## WHAT YOU NEED TO DO
Begin at the line below that has "野猿街道にある【下柚木交番】付近までお越しいただくと谷嶋石材工業の看板が見えます。 駐車場:有り |". Stop after the line that has "Бравый Щелкунчик в", repeating each line exactly and leaving out the pictures.
------ RECORDS FOR THIS EXERCISE ------
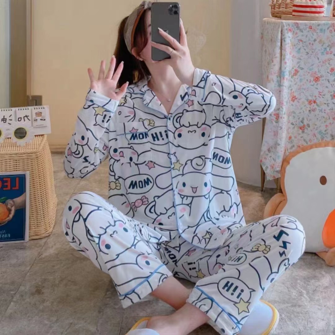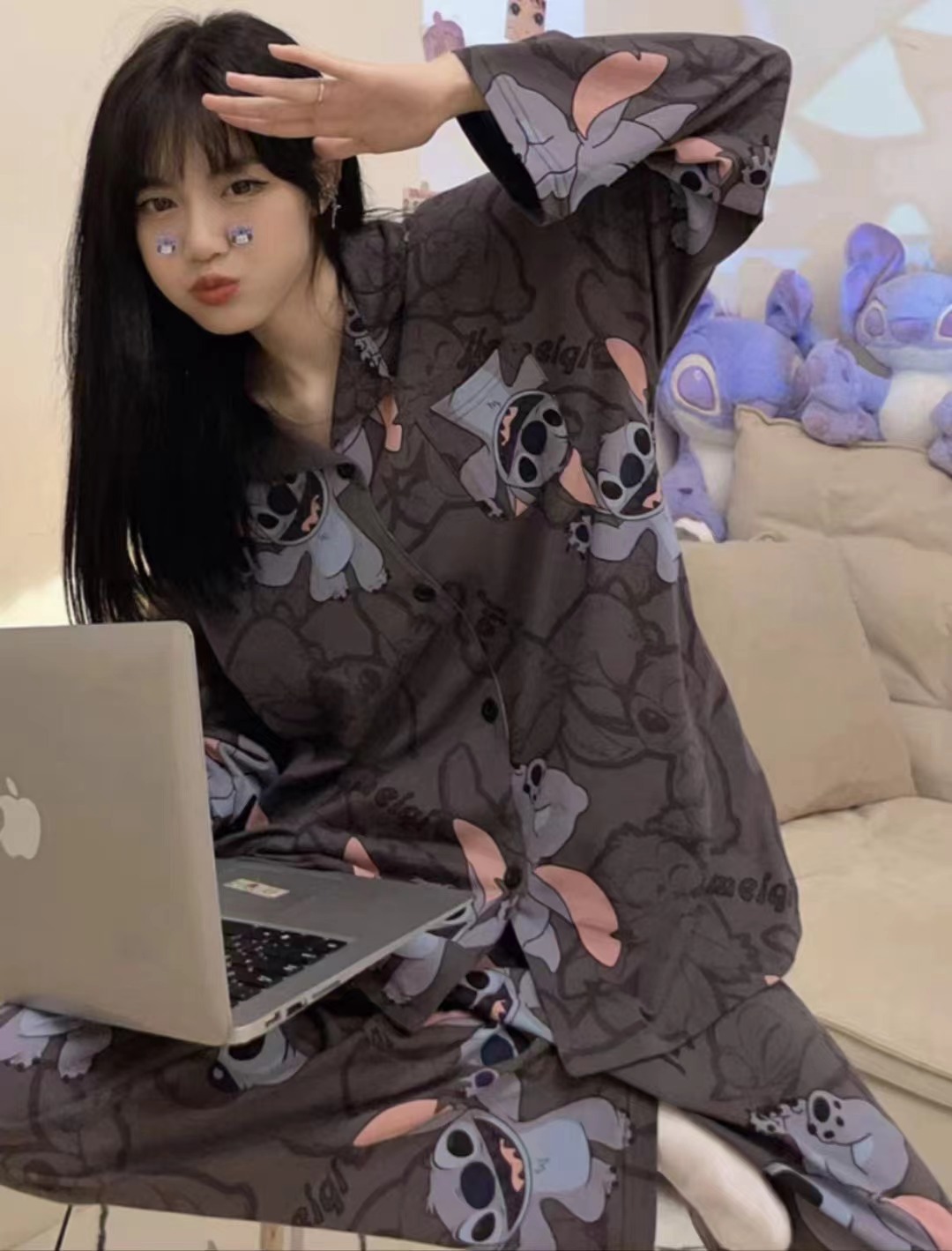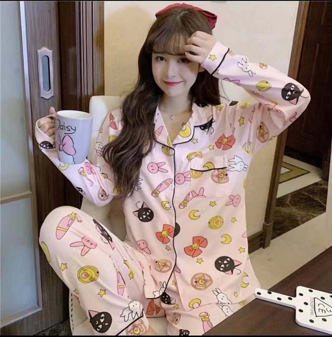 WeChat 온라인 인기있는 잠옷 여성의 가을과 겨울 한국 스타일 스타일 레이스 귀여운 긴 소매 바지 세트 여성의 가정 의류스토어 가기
------
------ RECORDS FOR THIS EXERCISE ------
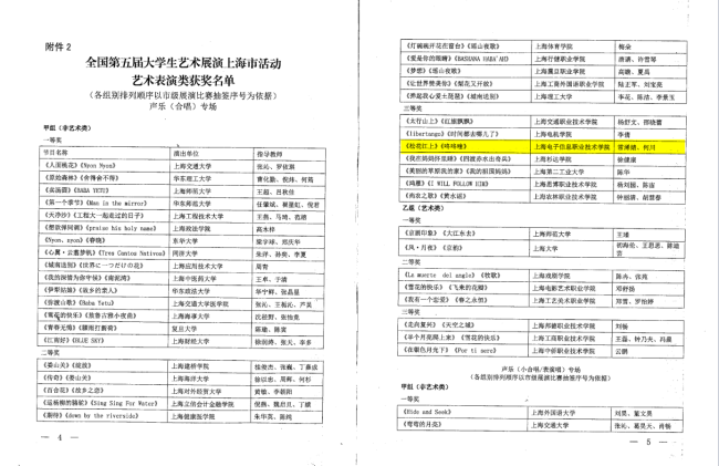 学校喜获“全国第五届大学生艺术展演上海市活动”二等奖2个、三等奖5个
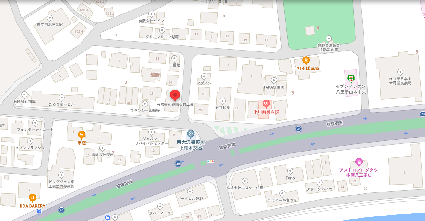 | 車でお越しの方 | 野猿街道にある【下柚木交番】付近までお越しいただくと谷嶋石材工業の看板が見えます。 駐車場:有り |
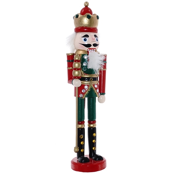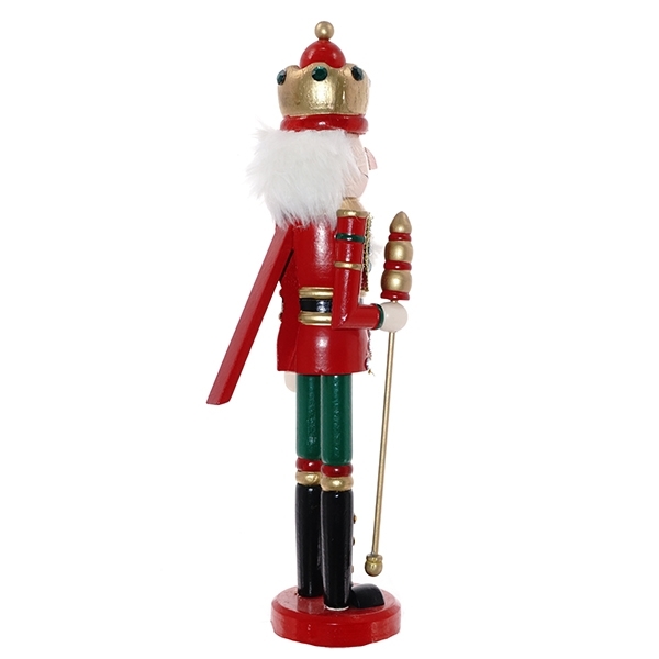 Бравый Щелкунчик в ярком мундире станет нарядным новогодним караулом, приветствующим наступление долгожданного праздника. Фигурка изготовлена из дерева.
------
------ RECORDS FOR THIS EXERCISE ------
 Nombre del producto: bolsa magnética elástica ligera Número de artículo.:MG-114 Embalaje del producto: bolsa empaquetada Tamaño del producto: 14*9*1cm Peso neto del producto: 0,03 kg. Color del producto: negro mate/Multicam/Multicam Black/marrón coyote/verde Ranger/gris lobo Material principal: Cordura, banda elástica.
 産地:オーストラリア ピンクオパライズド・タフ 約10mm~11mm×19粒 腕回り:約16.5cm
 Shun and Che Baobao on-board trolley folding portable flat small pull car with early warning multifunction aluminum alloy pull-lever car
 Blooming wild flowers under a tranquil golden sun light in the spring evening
------
## FINISHED EXERCISE
 | 車でお越しの方 | 野猿街道にある【下柚木交番】付近までお越しいただくと谷嶋石材工業の看板が見えます。 駐車場:有り |
 Бравый Щелкунчик в ярком мундире станет нарядным новогодним караулом, приветствующим наступление долгожданного праздника. Фигурка изготовлена из дерева.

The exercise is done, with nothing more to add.